The minister had told the house that responsibility for the suicide attack in Lahore had been claimed by the Jamaatul Ahrar (JuA) — a faction of the banned Tehreek-i-Taliban Pakistan (TTP).

He said the group had been banned in November last year and was based in Nangarhar and Lalpura areas of Afghanistan.

Afghanistan had been asked not to allow its soil to be used for launching terrorist attacks in Pakistan, he said.

The minister said that TTP had claimed responsibility for the attack in Peshawar. No outfit had claimed responsibility for the violent acts in Quetta and Mohmand Agency, he said, but added that some clues had been found about the people behind them.

Mr Rehman, however, refrained from divulging details and said that more information could not be shared with the members until the completion of the investigations.

“What is the job of parliament then?” asked Senate chairman Mian Raza Rabbani rather angrily. He regretted that the government did not want to share anything with the parliamentarians.

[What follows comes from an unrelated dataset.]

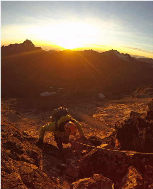
Juvenal Condori climbing on the north ridge of Pico Mesili (Aspirante 2016) as the sun rises.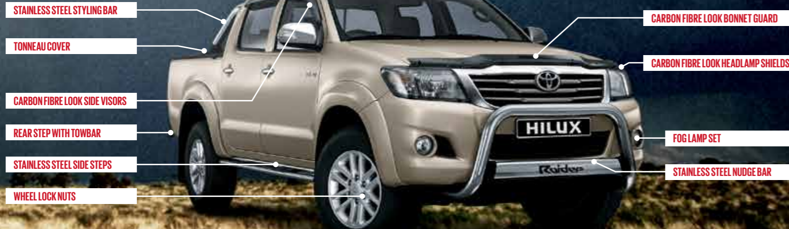
ACCESSORISED 4.0 V6 4x4 RAIDER DOUBLE CAB

ASK YOUR DEALER FOR A FULL LIST OF APPROVED TOYOTA ACCESSORIES.

Mr Rehman said that in the period before the fresh wave of attacks roc­ked the country, the situation had improved considerably. All-out efforts were being made to arrest the trend and the matter was being taken seriously at the highest levels of government.

“Many facilitators and planners [of the attacks] have been held,” he said.

“But that does not mean you deny and starve the parliament of information,” Mr Rabbani observed, stressing that parliament was what provided strength to the government.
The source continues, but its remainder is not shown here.